Treating osteoarthritis with cell therapy

Written by: Professor Paul Lee
Edited by: Cal Murphy

Osteoarthritis is a painful condition that affects the cartilage in our joints. Can we use the body's own biology to treat osteoarthritis? Expert orthopaedic surgeon and sports medicine specialist Professor Paul Lee explains cell therapy and how it can help stimulate the body to repair itself.

What happens to the cartilage in osteoarthritis?

In osteoarthritis, the cartilage gets worn away. We sometimes hear people talk about ‘wear and tear’ of the joint, which leads to osteoarthritis. What that means is that when we are loading our joints abnormally, the forces going down on the cartilage increase significantly and that will cause damage to the cartilage. The exact mechanism of osteoarthritis is not understood, but we know there are various different treatment options that we can do to improve osteoarthritis.

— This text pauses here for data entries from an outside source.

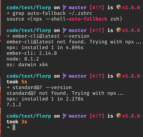 Fellix Saparelli가 추가한 이 놀라운 기능은 이러한 많은 사용 사례에서 npx에 직접 전화할 필요가 없다는 것을 의미합니다! 일반적인 npx 사용과 페일백 간의 주요 차이점은 잠재적으로 위험한 오타쿼팅에 대한 안전망인 pkg@versionsyntax를 사용하지 않는 한 폴백이 새 패키지를 설치하지 않는다는 것입니다.
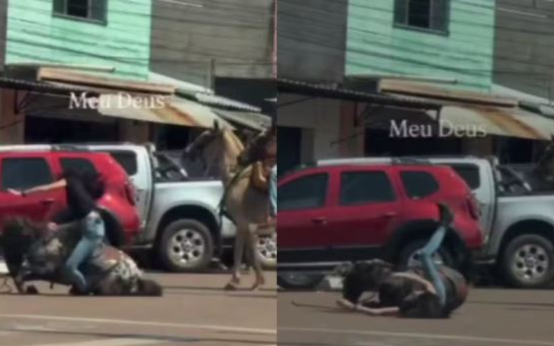Momento em que a jovem caiu do pônei foi filmado por pessoas que acompanharam a cavalgada em Altamira. — Foto: Reprodução / Redes sociais
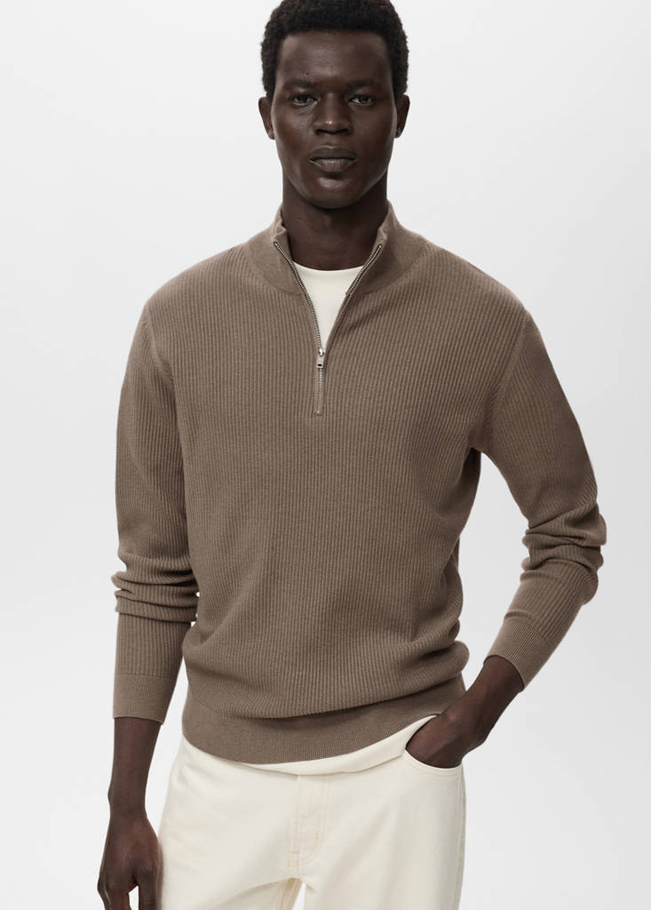 Regular fit. The dark grey model is an online exclusive. The mink grey model is an online exclusive. Cotton blend fabric. Ribbed knit. Perkins collar with zip closure. Ribbed finish on neck, sleeves and hem

What is the aim of cell therapy?

The aim of cell therapy is to help and enhance the body’s biology to help the cells to repair our own body. There are various different methods we can use to treat the cells, whether by replacing cells with different cell (for example, stem cells or cartilage cells), or by doing something that would enhance what we have got in our body – for example, using growth factors or different man-made synthetic factors that can help our cells to regenerate and to recover. Also, with chemicals and with drugs we will be able to modify the environment around those cells and to potentially turn them back to their healthy state or maybe help them recover and that is the main aim of cell therapy.

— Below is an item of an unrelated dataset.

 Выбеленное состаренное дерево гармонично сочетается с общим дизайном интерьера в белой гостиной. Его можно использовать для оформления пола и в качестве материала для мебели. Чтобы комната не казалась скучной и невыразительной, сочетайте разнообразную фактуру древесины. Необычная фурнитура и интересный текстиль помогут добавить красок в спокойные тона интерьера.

What types of cell therapy have been developed so far?

There are many different types of cell therapy that have been developed. They can either involve looking at the cells themselves or the environment around the cells.

Examples include:

  • Stem cell therapy
  • Growth factors, e.g. PRP (platelet-rich plasma)
  • Man-made molecules, e.g. hyaluronic acid – these can help the environment around the cells and give them the nutrients they need to help them recover.


What are the potential advantages over other treatments?

The advantages of cell therapy over other treatments is that it’s biological and tailor-made for our own bodies, instead of putting metal, plastic and other sorts of tissue, such as animal tissue or man-made tissue.

I think the best thing to do is to use our own body to heal ourselves and that is the ultimate aim of cell therapy.


How strong is the evidence for cell therapy?

There is different evidence out there for cell therapy. It depends what we are looking at. In some sectors of cell therapy, there are over twenty years of experience and many randomised control trials to show that it is superior compared to traditional, say, micro-fracture. There are also studies that suggest it makes no difference.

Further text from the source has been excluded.